В другой рецензии слова выспренние, но не менее сладостные: «Такой театр истинно приходит на помощь страждущему человечеству, неуклонно зовет человечество к лучшему будущему. Из такого театра мы выходим обновленные, оторванные от окружающей повседневной пошлости. Такой театр пусть развивается, растет вширь и вглубь, таких артистов мы должны приветствовать радостным возгласом: “Радость безмерная!”»
Еще статья: «… Не сразу сознаю, что радуюсь совсем по другому поводу, к жизни пьесы совсем не относящемуся. Пьеса жестока, ужасна, кошмарна, но вот на участниках ее лежит что-то общее. … Все разные и, однако, делают одно. И делают это, как ни странно сказать, смягченно, продуманно, точно предвидя за всем этим нечто большее, чем смерть, — точно предвидя жизнь».
Потом в Студию пришло письмо от чертежника электромеханического завода: «Мне показалось, что для Студии нужна особая публика, с таким же целостным и правдивым восприятием жизни, как у ваших актеров… Почему вы не пробуете играть в рабочей среде? Только там, мне кажется, будут жадными глотками пить ваши неподдельные переживания, только там вы найдете вполне заслуженный энтузиазм, будете признанными пророками. Может быть, я сужу опрометчиво — по одной лишь “Гибели”, которая и по содержанию просится в рабочие районы. Но невольно думается, что буйным талантам {98} актеров Студии тесен обычный интеллигентский театр, что они могли бы создать невиданной силы и влияния театр народный…»
Делая скидку на стиль рецензий тех лет и доброжелательность критиков и зрителей ко всему новому, надо признать, что «Гибель “Надежды”», сыгранная начинающими артистами, произвела сильное впечатление на избалованных московских театралов. Чем же поразил наш спектакль? На первых представлениях я была в обморочном состоянии и ничего не могу о них сказать. Но мы играли «Гибель» долго, много, и это первое детище Студии навсегда, со всеми подробностями осталось в моей памяти.
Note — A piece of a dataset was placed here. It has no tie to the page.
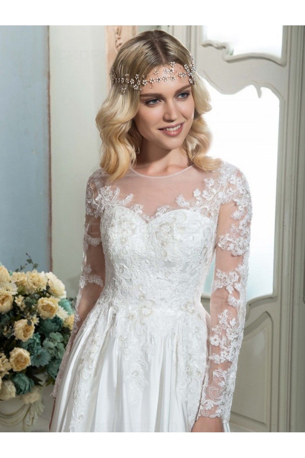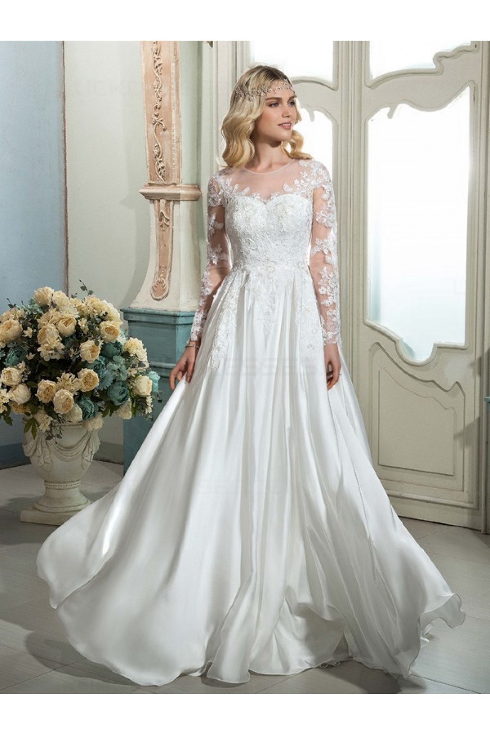 A-Line Sheer Lace Long Sleeves Wedding Dresses Bridal Gowns 3030187
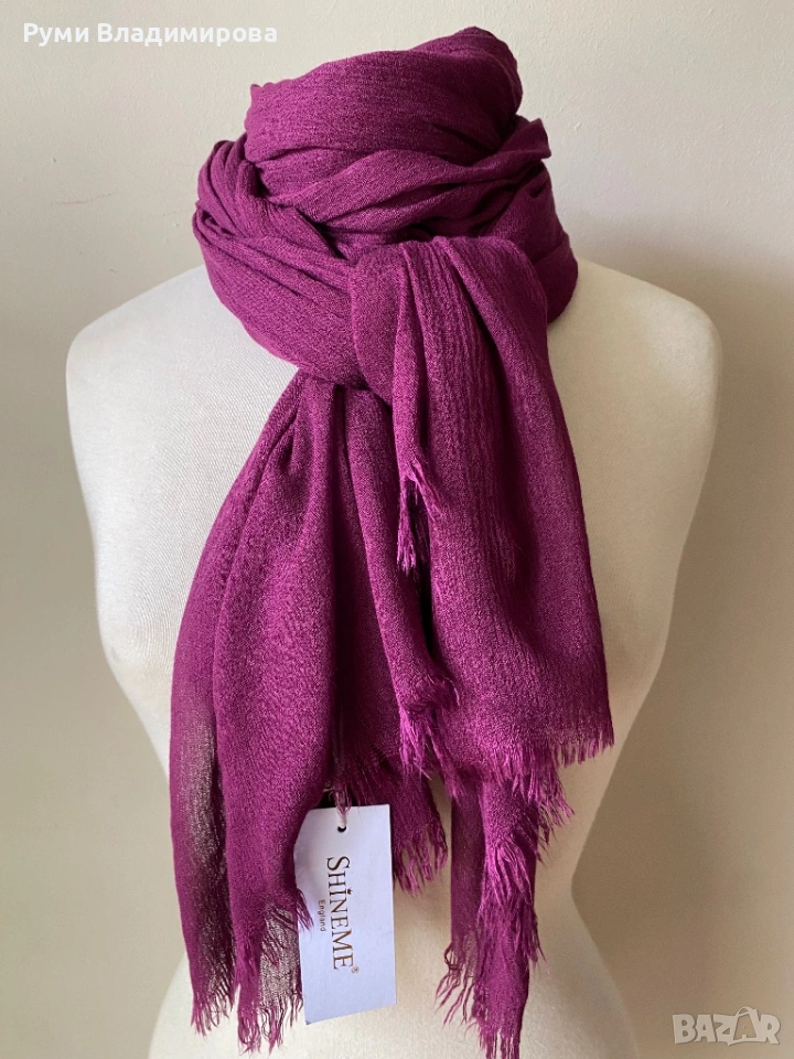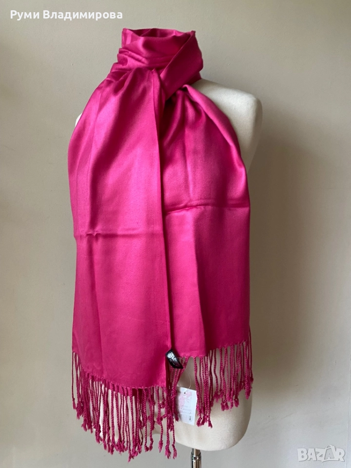 Шал в цикламено, розов цвят с ресни, с етикет, състав 100 % вискоза, мека, лека и лъскава материя, нов, за една по-цветна визия! Доставка с Еконт.

Начать с того, что спектакль сразу обнаружил талантливых актеров, каждый из которых был ярко индивидуален. Хочу сразу оговориться: в моих рассказах об актерах Студии слова «талантливый» и «красивый» могут показаться слишком часто употребляемыми. Но что поделаешь — «Да будем мы к своим друзьям пристрастны…», как сказано у замечательной и очень мне милой Беллы Ахмадулиной. А кроме того, у нас действительно было много талантливых людей, лучшим доказательством тому — их последующие судьбы (достаточно сказать, что даже роль одного из двух бессловесных стражников играл будущий знаменитый режиссер Алексей Дмитриевич Попов). Да и мозг человеческий, сердце так устроены — запоминается все непохожее, оригинальное, выдающееся. А серое, стертое, неинтересное — растворяется, уплывает. Какими другими словами скажешь о Григории Хмаре и Алексее Диком в ролях сыновей вдовы-рыбачки? Они были талантливы и красивы. И горячи, и обаятельны, и искренни. Хмара играл, конечно, себя, только в рыбацком костюме. Но в нем уже тогда чувствовалось стремление к театральности, неподчиненность бытовой драме — он играл Герда мужественно, темпераментно, правдиво, но не буднично. А сколько силы было в Диком — крепкий, с мускулистыми руками, а в серых глазах страх и стыд за этот страх. Но в отчаянном крике, обращенном к матери: «Ты никогда меня не увидишь!» — еще и протест — зачем, ради кого он должен идти в море, на верную смерть. Контрастом бунтующему Баренду была тяжкая, скорбная, вся в черном Ио — невеста Герда, обреченная стать вдовой, не сыграв свадьбу. В последнем акте, когда ей мерещилось что-то в свете изломанных молний, она вдруг вскрикивала — коротко и пронзительно. Эту роль прекрасно играла {99} Вера Соловьева. В ней был заразительный темперамент, она легко отдавалась чувству, поэтому ее драматические роли вызывали доверие у зрителя.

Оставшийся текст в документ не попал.